Some times ago we completed a migration from an ESX VM Security Management Server R77.30 to an R80.10 Appliance Smart-1 3150 with 264GB RAM to manage more than 250 Gateway in our environment, ranging from 1100 to 15600 appliances.
Before the Migration, as we asked Check Point for an advice regarding our environment, we were told that, if we were satified with our configuration and our main need was just to have concurrent Administrator,
we did not need to move to a Multi-Domain implementation, since that feature was already supported in R80.10.
After moving to the new R80.10 Appliance Smart-1 3150, we begun having memory issues, with the the FWM process increasing day by day till 4GB, and than crashing once to twice a week and creating a core dump.

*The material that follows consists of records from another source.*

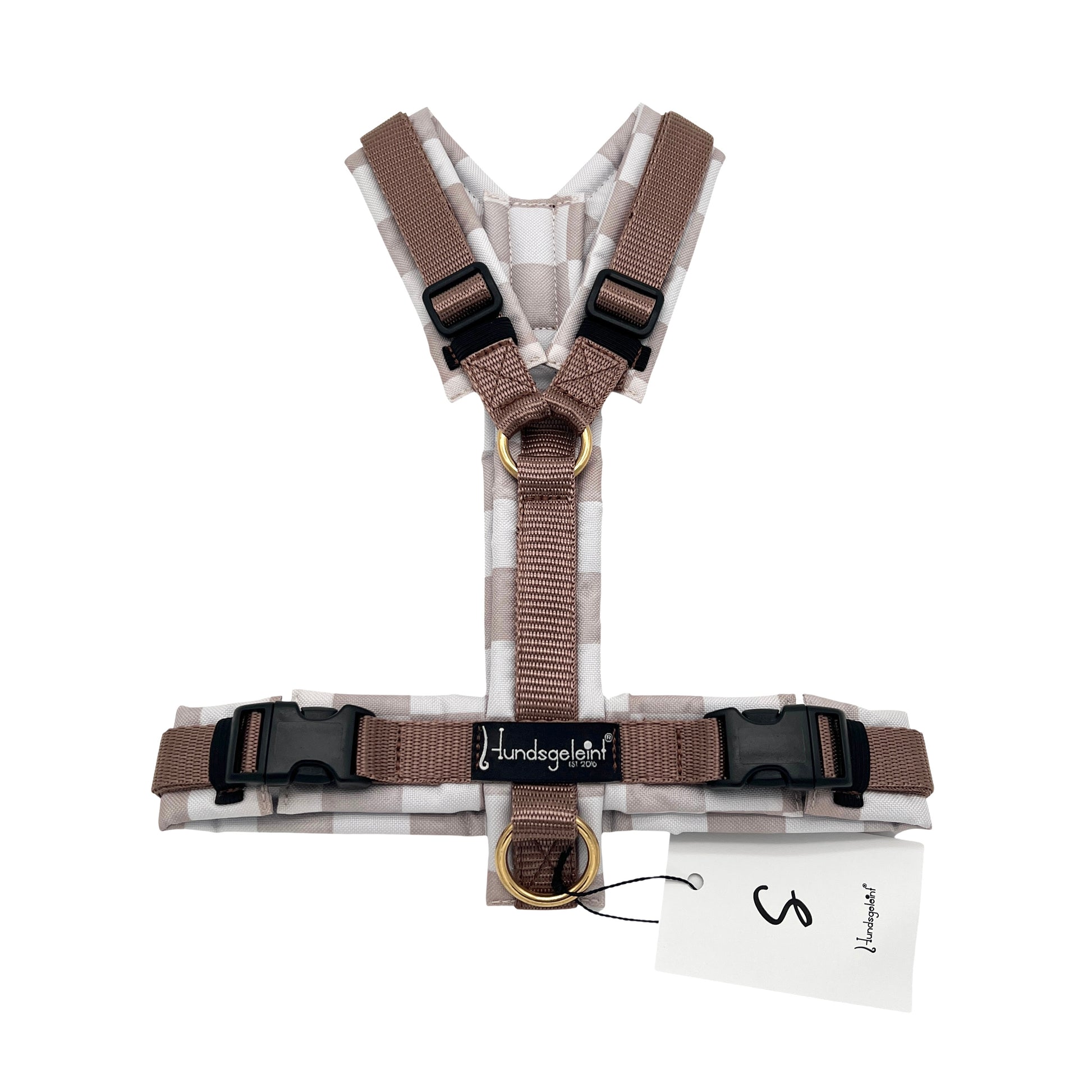 Die Geschirre werden mit stabilem Gurtband, Edelstahlringen (wahlweise Messingringen) und bruchsicheren Steckschnallen hergestellt. Das Polster aus hochwertigem Outdoorstoff ist robust, wasserabweisend und sorgt durch die innenliegende Füllung für zusätzlichen Tragekomfort.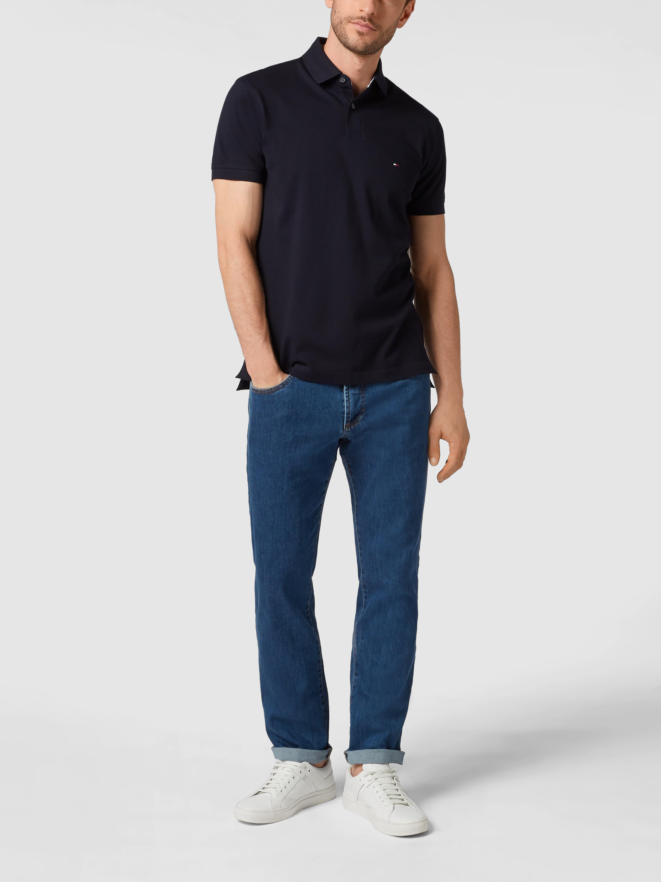 Tommy HilfigerSlim fit poloshirt van piqué in marineblauw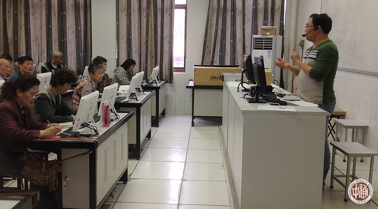 5月18日上午,离退休老同志网络信息新技术培训班开班第一讲在学校计算机房举行。近四十位离退休老同志冒雨到校参加培训。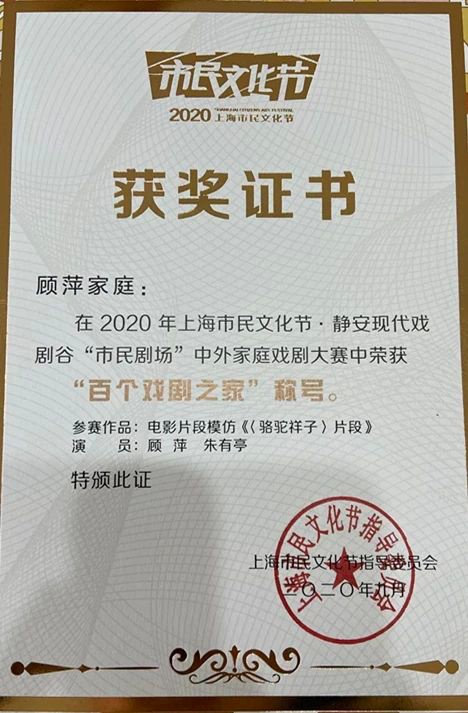 近日,上海知名主持人骆新,以及2020年“中外家庭戏剧大赛”剧组,来到嘉定新城(马陆镇)拜访顾萍夫妇,邀请他们俩再次参加活动。此前,顾萍夫妇在2020年上海市民文化节之静安现代戏剧谷“市民剧场”中外家庭戏剧大赛中演绎《骆驼祥子》片段,荣获了“十大人气家庭”称号以及“百个戏剧之家”称号。
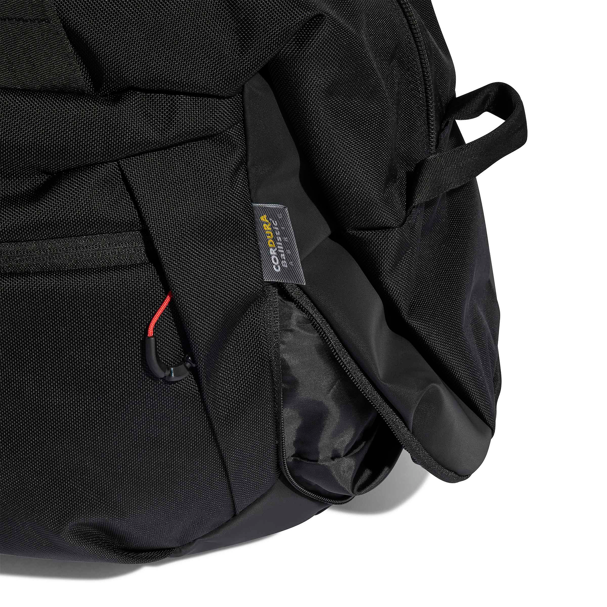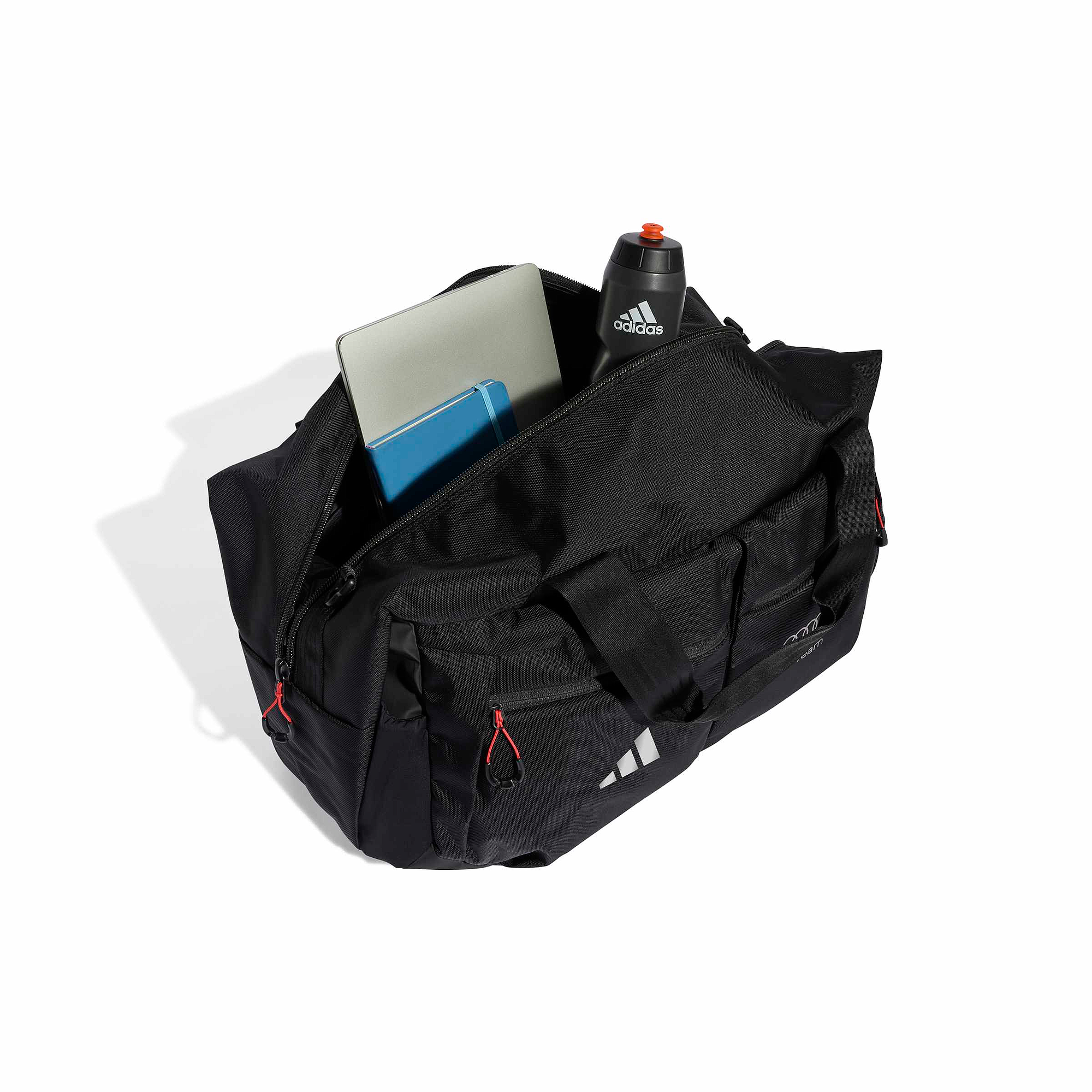 Zwarte, robuuste reistas met brede opening, binnenvak, groot ritsvak aan de achterkant, twee ritsvakken aan de buitenkant en extern schoenenvak. Voorzien van gewatteerde schouder- en draagbanden met Loadspring-technologie. Met Audi F1® Team- en adidas Performance-logo’s. Afmetingen: 57 × 27 × 33 cm. Gemaakt van gerecycled polyamide (CORDURA®).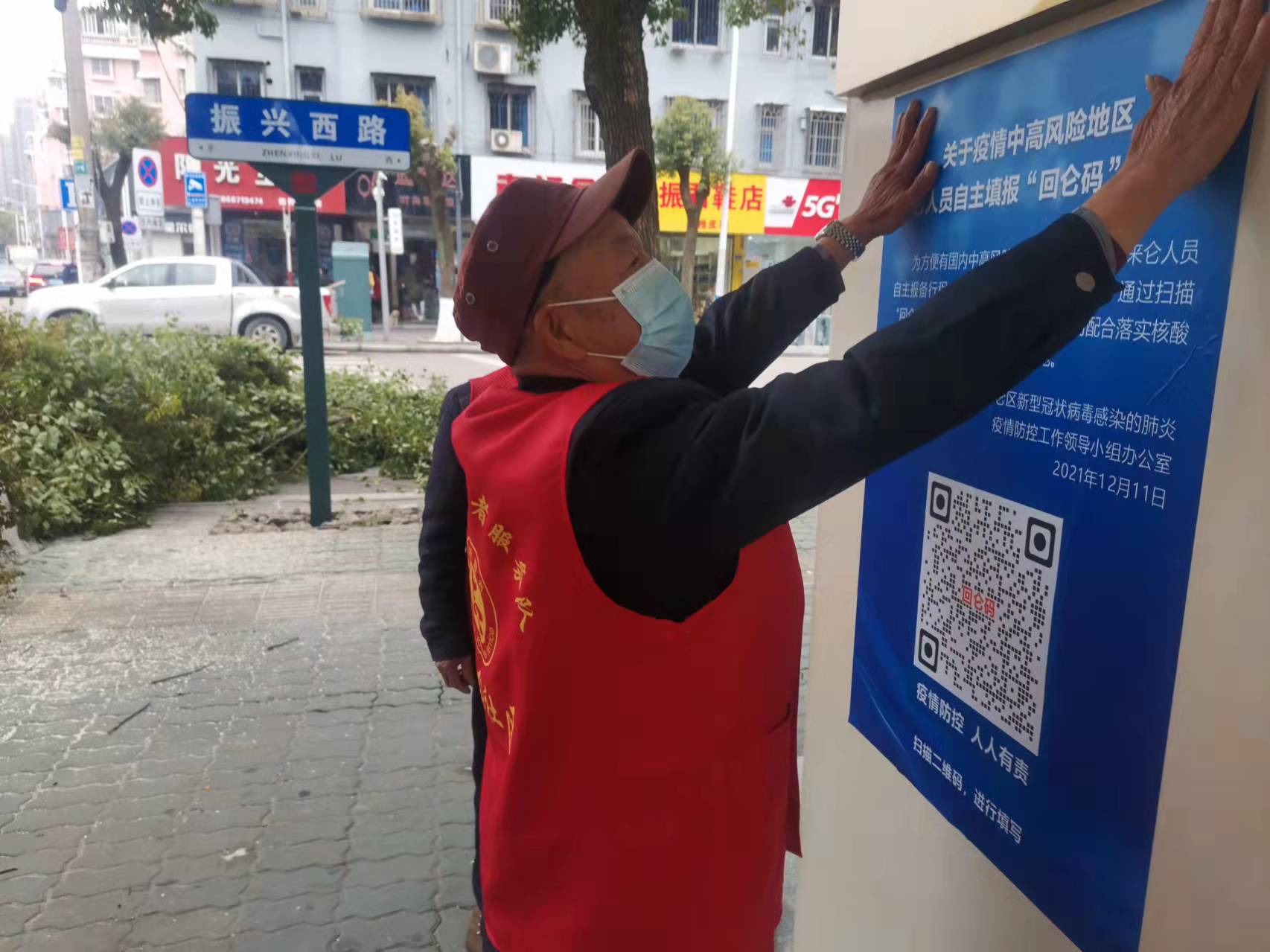 随着浙江多地疫情消息的传出,防疫工作的开展压力也骤然增加,回轮码的推出极大的方便了中高风险区域来人的信息采集。在拿到回轮码通告的第一时间,红联社区党群服务中心副主任葛维君号召志愿者们在社区各个区域进行张贴并宣传,以确保所有居民都能扫码登记。

After opening a Case for this issue, we were provided an hotfix, which actually just slowed down the time till we had anyway the FWM issue and the core dumps were created, not solving the problem.
Furthermore during the case handling we were told that, actually, with our environment of more then 250 GWs, a Multi-Domain implementation should be highly recomended, even if before with R77.30 we did not have that issue, because of the difference in the Operating System. We were in fact aware of the changes between R77.30 and R80.10, and of FWM and JAVA Processes difference.
Now, I'd like to know what is your experience with the maximal number of Gateways and/or Cluster managed by a single Security Management Server, and if you know, if there is a real best practice to advice when a Multi-Domain environment is really needed. I mean that from a performance point of view, since the benefits of MDS from Management and organizational point of view are obvious and pretty clear.
I have here the feeling that on Check Point side, there is a mismatch between "on the field - hands on" experience, for which number of gateway is not a mandatory precondition to go with MDS, and a more or less Official best practice, which would advice to go with MDS already with 50 gateway.